HOW THE STORY CAME TO BE

Metal handcuffs hang on the wall in my study, a journal sits on the bookshelf, war medals rest in a box. They tell a story of a time before I was born, when my father fought for my freedom. They are a testament to his courage and determination.

As a small child I knew he was a bomber pilot in the Second World War and that he had ditched his aircraft in the ocean. I also knew he was a prisoner of war. But that is all I knew. Even though he wouldn’t speak of his past, his experiences formed an integral part of my upbringing. His emotional scars penetrated my day-to-day existence. Shaped my very being. Framed my psyche.

Every year, on November 11th, I stood beside my father at the cenotaph in the bitter, prairie cold. He was stoic as wreaths were laid to honor fallen soldiers. Only his crystal blue eyes spoke to me. Those eyes told me of the terror, the regret, the suffering, and the nightmare. It was truly Remembrance Day.

We never used words to discuss it, my father and I. We didn’t need to. I knew that the memories were still too raw, even after so many years. Instinctively, I faced his ghosts.

Father

I hoped that one day he would tell me. I imagined us sitting on the large, comfortable sofa in our living room. His precious journal resting in my lap. We would leaf through the pages, pausing at each tattered black and white photograph and intricate drawing, as he finally shared his memories with me.

But it never happened.

My father died of lung cancer in 1985. Those same lungs carried pieces of shrapnel back to Canada for him. Lest he forget. Cancer and shrapnel. No one will ever convince me that those two horrors were not related.

The day he died, I watched him drift in and out of consciousness. As he tossed and turned, he struggled with memories that had returned. Death escaped many times before was back and would not leave without him.

My daughter Andrea, his only grandchild, was less than a year old. She is now in her thirties. When I thought about passing my father’s precious piece of family history onto her, I realized that I didn’t know what to say. His journal, handcuffs and medals spoke of the father I never knew. The part of him that the war took from both of us.

Ever since I could remember, I had struggled to understand my father. His compassion, strength and integrity were awe-inspiring to me. At the same time, however, he was prone to severe emotional outbursts. He was never physically abusive but suddenly and without warning his wounds would surface and penetrate my world. Turn it upside down with fear and confusion, razor sharp like barbed wire and flying shrapnel.
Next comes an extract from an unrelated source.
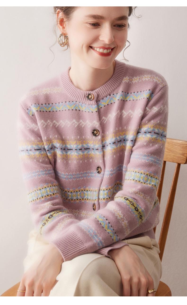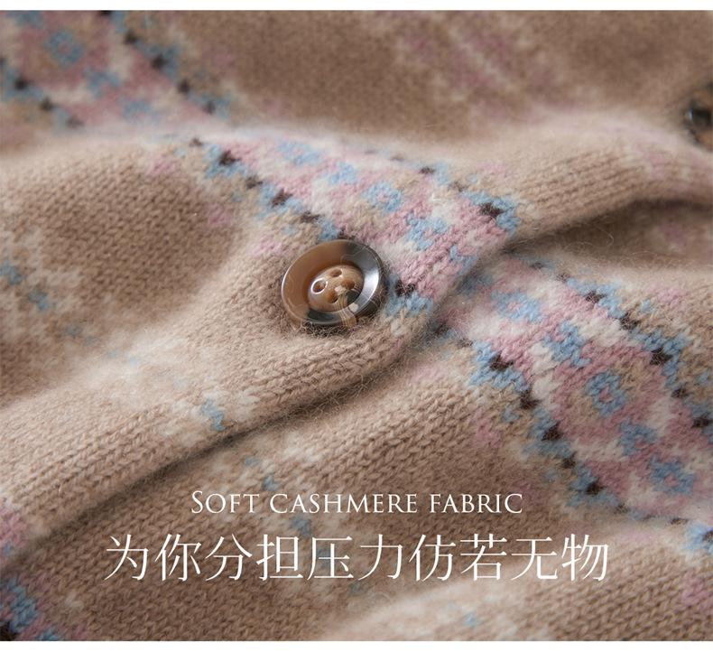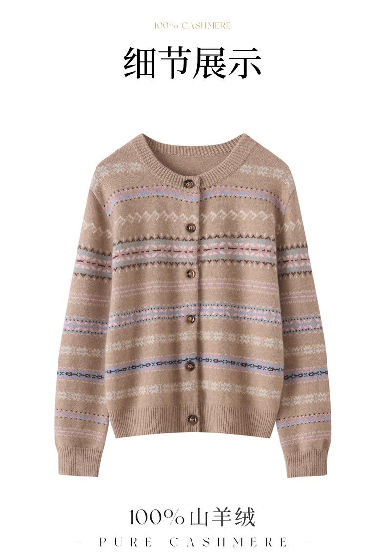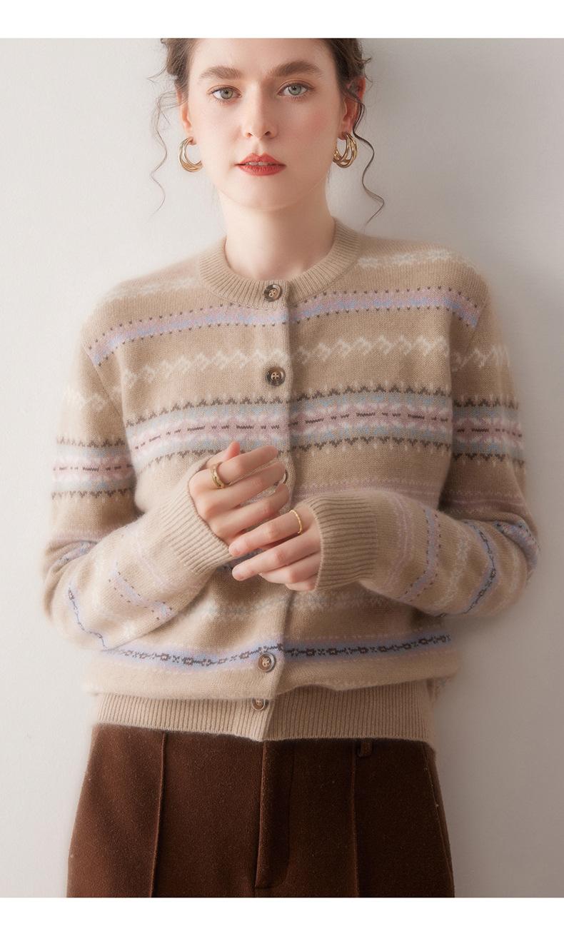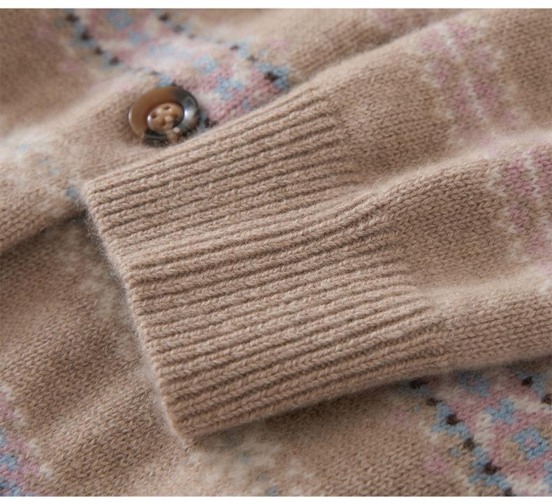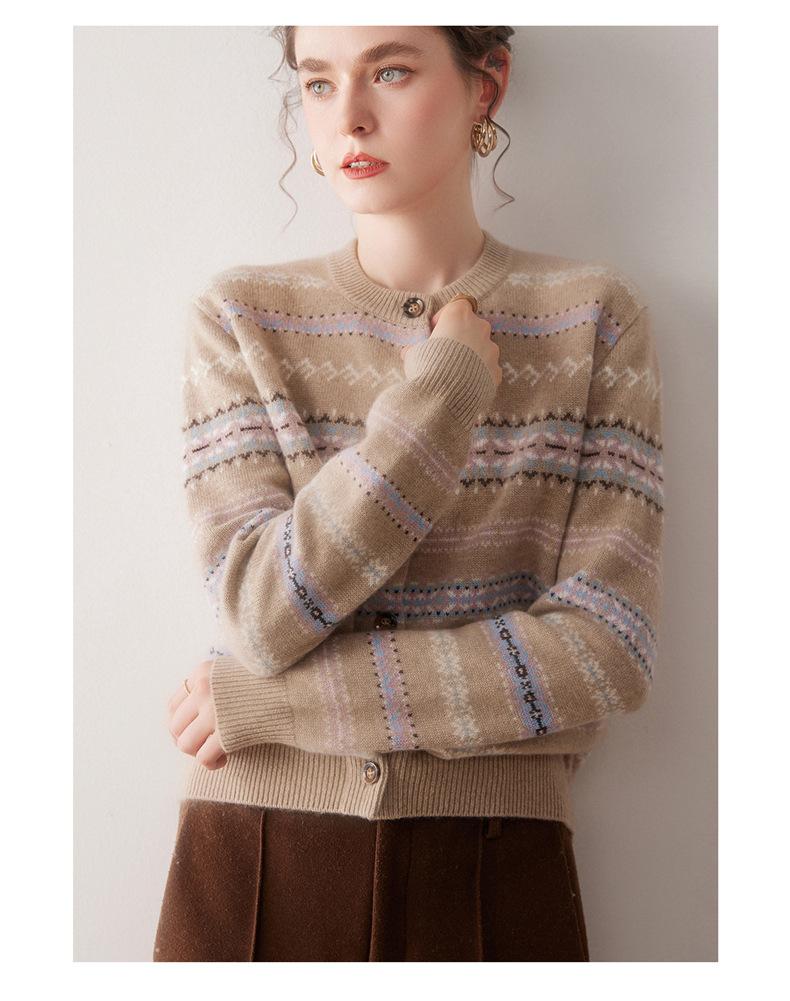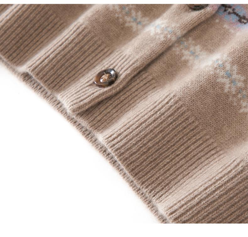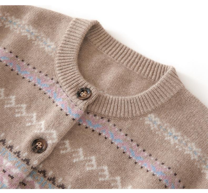 Cárdigan de Cachemira para Mujer 100% Cachemira Pura Otoño Invierno Nueva Moda Cuello Redondo Versátil Jacquard Cálido Suéter Tejido Abrigo
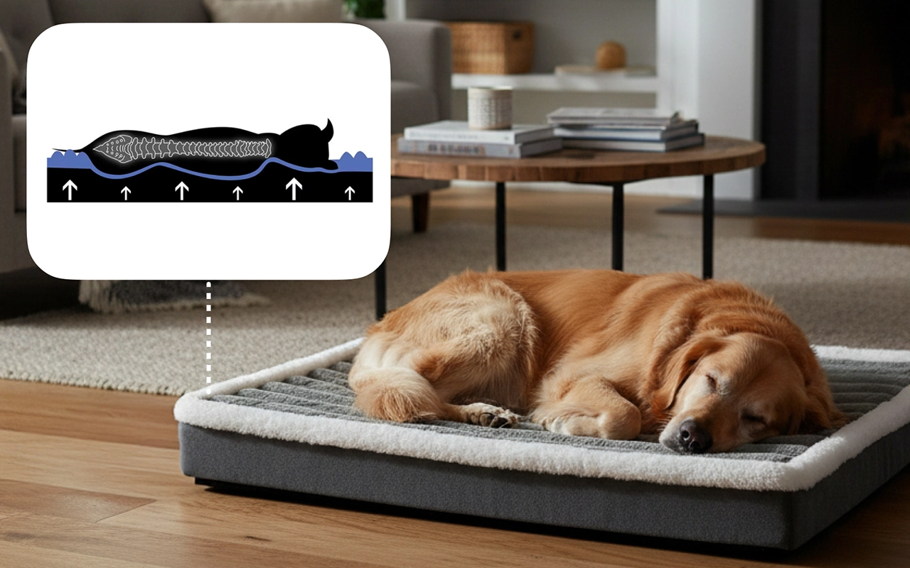 Spuma tip carton de ou susține animalele de companie și ameliorează disconfortul cauzat de presiune. Animalele se bucură de o mișcare mai ușoară și mai puțină rigiditate după trezire.

I learnt to walk on eggshells, unsure of my footing, never knowing when the next explosion would occur. Soon I became aware of the triggers, learning to navigate my way around them but never cognizant of the logical connection between the past and the present. Certain things just were. Our house did not have locks on the doors. Turnips were never served. The bread was always white. The coffee black.

Was I going to pass this heavy silence and the scars that it inflicts onto my daughter? Would it be her unspoken legacy? Or could I break the silence and exorcise the ghosts?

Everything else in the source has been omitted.